За окном не было ни дороги, ни кладбища, ни огорода. На дворе бушевала вьюга, воздух дымился снегом. Можно было подумать, будто буря заметила Юру и, сознавая, как она страшна, наслаждается производимым на него впечатлением. Она свистела и завывала и всеми способами старалась привлечь Юрино внимание. С неба оборот за оборотом бесконечными мотками падала на землю белая ткань, обвивая её погребальными пеленами. Вьюга была одна на свете, ничто с ней не соперничало.
Первым движением Юры, когда он слез с подоконника, было желание одеться и бежать на улицу, чтобы что-то предпринять.

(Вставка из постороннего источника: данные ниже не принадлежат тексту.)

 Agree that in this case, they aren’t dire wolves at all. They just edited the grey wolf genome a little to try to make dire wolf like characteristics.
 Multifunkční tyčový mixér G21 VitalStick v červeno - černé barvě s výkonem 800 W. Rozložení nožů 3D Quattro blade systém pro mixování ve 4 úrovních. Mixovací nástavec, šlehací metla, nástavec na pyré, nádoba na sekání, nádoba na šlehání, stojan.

То его пугало, что монастырскую капусту занесет и её не откопают, то что в поле заметет маму, и она бессильна будет оказать сопротивление тому, что уйдет еще глубже и дальше от него в землю.

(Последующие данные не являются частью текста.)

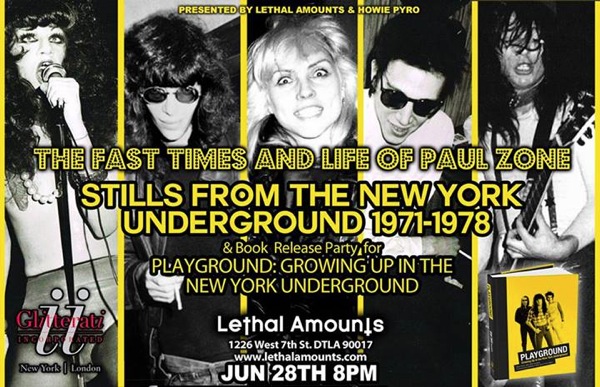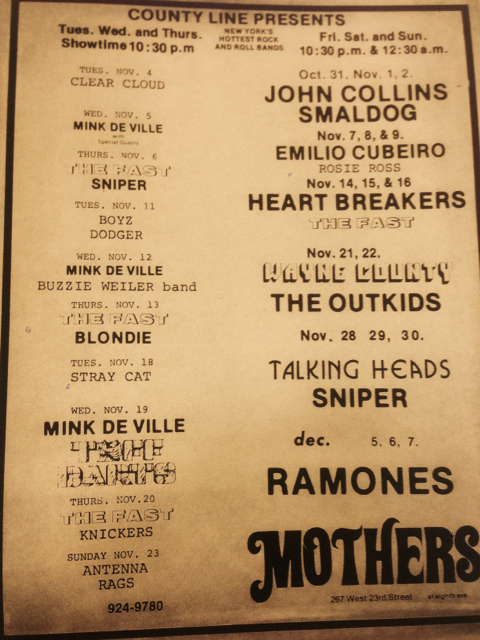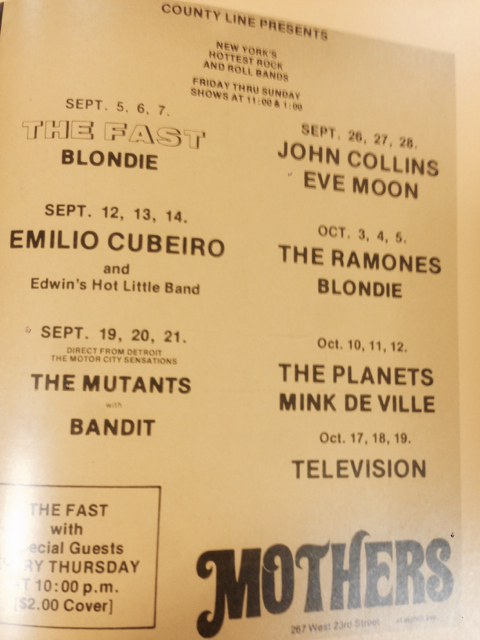 On Mondays the lovely Danusia goes to some kind of spiritual workshop at the West Side Y on 63rd Street. I went once, there’s an early blog post about it if you care to look, and you can understand why I only went once. Of course, if she choses to do so every Monday that’s her choice, isn’t it? I’ve been busy past Mondays, and a few weeks ago the woman who runs the workshop was out of town or something and Danusia stayed home with me, but yesterday it was on again, and I wondered how I should entertain myself, since it isn’t just the workshop, now she’s got a bunch of her girlfriends going and they all want to hang out afterwards and chat. So what used to be waiting till 8:30 or so for her to get home has turned into closer to 11pm. I was thinking of going to a movie, there are two that are new and sound interesting; the new Bernardo Bertolucci movie Me And You, about a brother and sister with their own issues trying to work them out together in a storage locker, and the new Paul Haggis movie Third Person, which did not get a great review but I still like Paul Haggis. The other choice was to stay home and watch TV, surf the internet and eat, what I’ve done the last few Mondays alone’ and that was the last thing I wanted to do. Well, going to the lecture is probably the last thing, but this was close. I ended up going to Barnes And Noble on 17th Street, an old and favorite hang out. When I got divorced 14 years ago this was a place to meet my son Javier on visiting days, and we would spend hours pouring through books in our individual favorite book sections. I used to be really into crime fiction, war novels and spy stories, war history. Javier loved his Dilbert books and the then up and coming Japanese Manga books. I don’t think I can read another war book, there’s a guy in my writing workshop who did a tour in Iraq as an infantry officer and his stories are enough for now, and my interest in Elmore Leonard began to wane after reading 20 or so of his books. I still like Len Deighton and John LeCarré, though. Sometimes at Barnes and Noble I go to the magazine section and thumb through the plastic model magazines, like Scale Aviation Modeler; that’s an old favorite; but last night the magazine section was overflowing with browsers. I went up to the top floor where all the seats are set up for readings, you can sit there and read or do the crossword or just stare off into space if you like and nobody will bother you. I browsed the photography book section and saw a book called: Playground: Growing Up In The New York Underground, by Paul Zone. Paul was one of three brothers who had a band in the early 70’s called The Fast. I remembered The Fast; they were contemporaries of the New York Dolls and played in most of the same clubs at the time. I took the book and sat down to leaf through the pictures, hoping there would be one of me in it. Since I was at many of those clubs and gigs in the early 70’s. I didn’t find any pictures of myself, but I did find the ads pictured above and below, and to give credit where it is due I used my iPhone to snap these from the book, so thank you Paul Zone. In one of the ads, the one at the top of this post, the very first band listed to be playing at Mother’s, a club that was on 23rd Street and 8th Ave is called Clear Cloud. They were friends of mine, and I roadied for them. There was Tony Dunner, the singer from Barbados who called himself the “Black Mick Jagger.” A pair of brothers, John and Anthony Pergamo were the guitarist and drummer. Respectively. Another friend, Michael, who billed himself Mike Lash played bass. Those were different times. I looked at the other bands on those bills, The Ramones, Blondie, Talking heads, Mink DeVille, and none of them were even famous at the time. There were others that never became famous, like The Planets, The Mutants, and of course my friends, Clear Cloud. I remember seeing The Ramones when Tommy was still the drummer. I never saw Blondie, but I did see The Stilettos once, before Debbie formed Blondie. There were other clubs as well, The Coventry out in Queens, Great Gildersleeves right down the block from CBGB’s, Ones, The Reggae Lounge, and even a club in Brooklyn Heights where I saw The Tuff Darts. Tommy Frenzy from the Darts was friends with Anthony, who we all called Ace. The Darts had a song called “All For The Love Of Rock And Roll” and I still remember the lyrics.bottom adRichard-Hell-and-the-Void-001
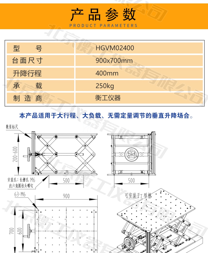 衡工HGVA2精密大行程重載升降臺精密大行程升降臺豎直位移臺高精度電動升降工作臺重載大臺面平臺
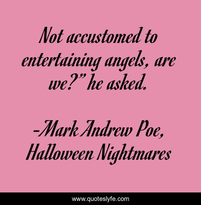 "Mark Andrew Poe, Halloween Nightmares Quotes." Quoteslyfe.com, 2025. Sun. 07 Dec. 2025. <https://www.quoteslyfe.com/quote/Not-accustomed-to-entertaining-angels-are-we-194390>.
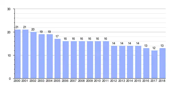 Gráfica de evolución demográfica de Fontelas entre 2000 y 2018 |
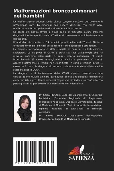 La malformazione adenomatoide cistica congenita (CCAM) del polmone è un'anomalia rara. La diagnosi può essere discussa con molte altre malformazioni broncopolmonari e alcune malattie acquisite.Lo scopo del nostro lavoro è stato quello di discutere alcuni problemi diagnostici e terapeutici della CCAM e di prevenire una lobectomia non necessaria.Uno studio retrospettivo su 14 bambini operati nell'arco di 20 anni. Abbiamo effettuato un'analisi dei casi personali di errori diagnostici e terapeutici.La diagnosi preoperatoria è stata stabilita in base ai risultati clinici e radiologici. La diagnosi di CCAM è stata scartata dall'istologia che ha rilevato: enfisema interstiziale (1 caso), infarto polmonare (3 casi), bronchiectasie (1 caso), emangiomatosi capillare polmonare (1 caso), ascesso polmonare e lesioni non classificate (7 casi) e lesione ibrida (1 caso). In 1 caso, la diagnosi di ascesso polmonare è stata rifiutata ed è stata stabilita la CCAM.La diagnosi e il trattamento della CCAM devono basarsi su una collaborazione multidisciplinare. La diagnosi clinica e radiologica richiede una conferma istologica. Alcuni problemi diagnostici richiedono un confronto con patologi avvertiti per evitare una lobectomia non necessaria.
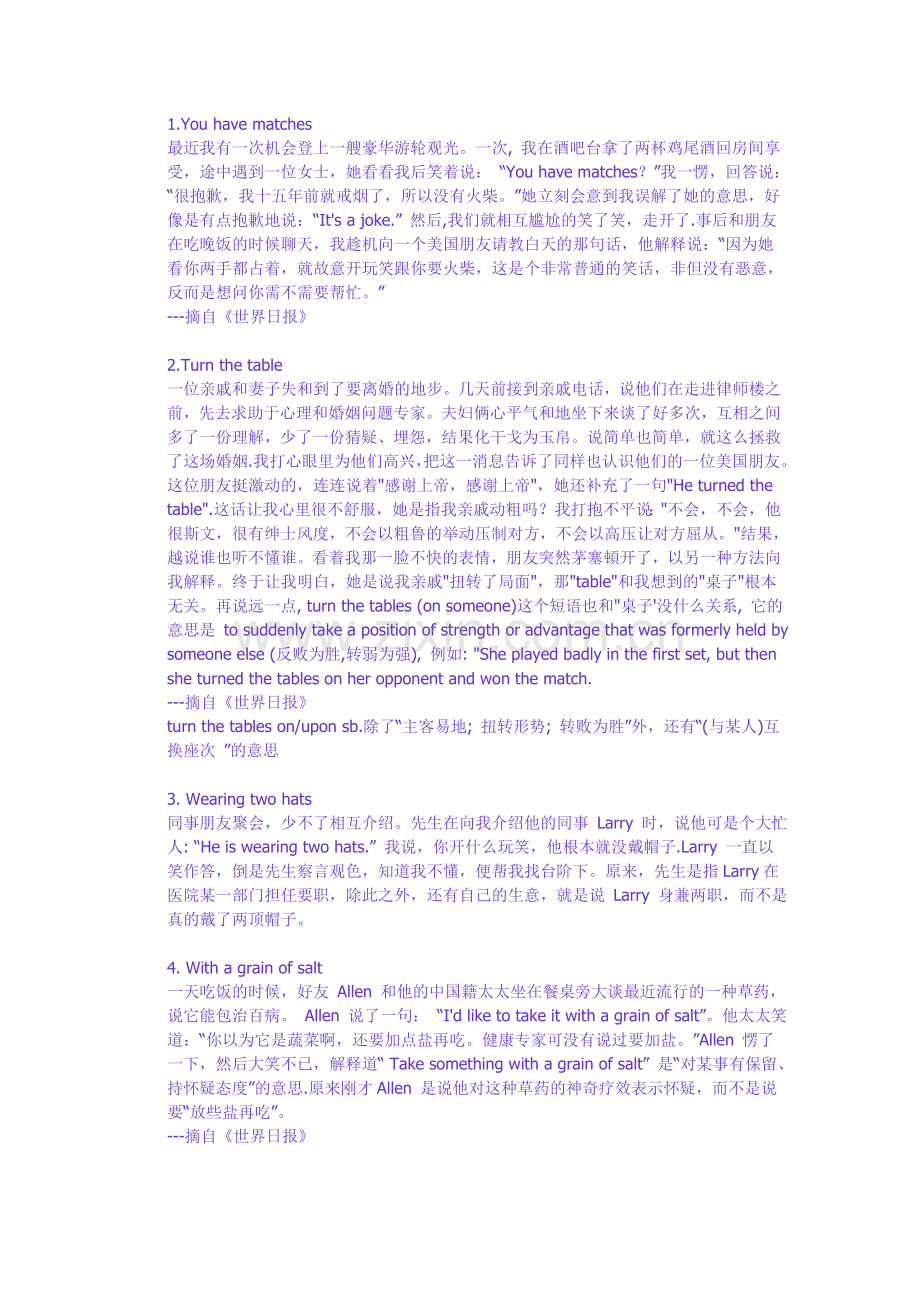 最近我有一次机会登上一艘豪华游轮观光。一次, 我在酒吧台拿了两杯鸡尾酒回房间享受,途中遇到一位女士,她看看我后笑着说: “You have matches?”我一愣,回答说:“很抱歉,我十五年前就戒烟了,所以没有火柴。”她立刻会意到我误解了她的意思,好像是有点抱歉地说:“It's a joke.” 然后,我们就相互尴尬的笑了笑,走开了.事后和朋友在吃晚饭的时候聊天,我趁机向一个美国朋友请教白天的那句话,他解释说:“因为她看你两手都占着,就故意开玩笑跟你要火柴,这是个非常普通的笑话,非但没有恶意,反而是想问你需不需要帮忙。”

Дело опять кончилось слезами. Проснулся дядя, говорил ему о Христе и утешал его, а потом зевал, подходил к окну и задумывался. Они начали одеваться. Стало светать.
3
Пока жива была мать, Юра не знал, что отец давно бросил их, ездит по разным городам Сибири и заграницы, кутит и распутничает, и что он давно просадил и развеял по ветру их миллионное состояние. Юре всегда говорили, что он то в Петербурге, то на какой-нибудь ярмарке, чаще всего на Ирбитской.
А потом у матери, всегда болевшей, открылась чахотка. Она стала ездить лечиться на юг Франции и в Северную Италию, куда Юра её два раза сопровождал. Так, в беспорядке и среди постоянных загадок прошла детская жизнь Юры, часто на руках у чужих, которые все время менялись. Он привык к этим переменам, и в обстановке вечной нескладицы отсутствие отца не удивляло его.
Маленьким мальчиком он застал еще то время, когда именем, которое он носил, называлось множество саморазличнейших вещей.
Была мануфактура Живаго, банк Живаго, дома Живаго, способ завязывания и закалывания галстука булавкою Живаго, даже какой-то сладкий пирог круглой формы, вроде ромовой бабы, под названием Живаго, и одно время в Москве можно было крикнуть извозчику «к Живаго!», совершенно как «к черту на кулички!», и он уносил вас на санках в тридесятое царство, в тридевятое государство. Тихий парк обступал вас. На свисающие ветви елей, осыпая с них иней, садились вороны. Разносилось их карканье, раскатистое, как треск древесного сука. С новостроек за просекой через дорогу перебегали породистые собаки. Там зажигали огни. Спускался вечер. Вдруг все это разлетелось. Они обеднели.
4
Летом тысяча девятьсот третьего года на тарантасе парой Юра с дядей ехали по полям в Дуплянку, имение шелкопрядильного фабриканта и большого покровителя искусств Кологривова, к педагогу и популяризатору полезных знаний Ивану Ивановичу Воскобойникову.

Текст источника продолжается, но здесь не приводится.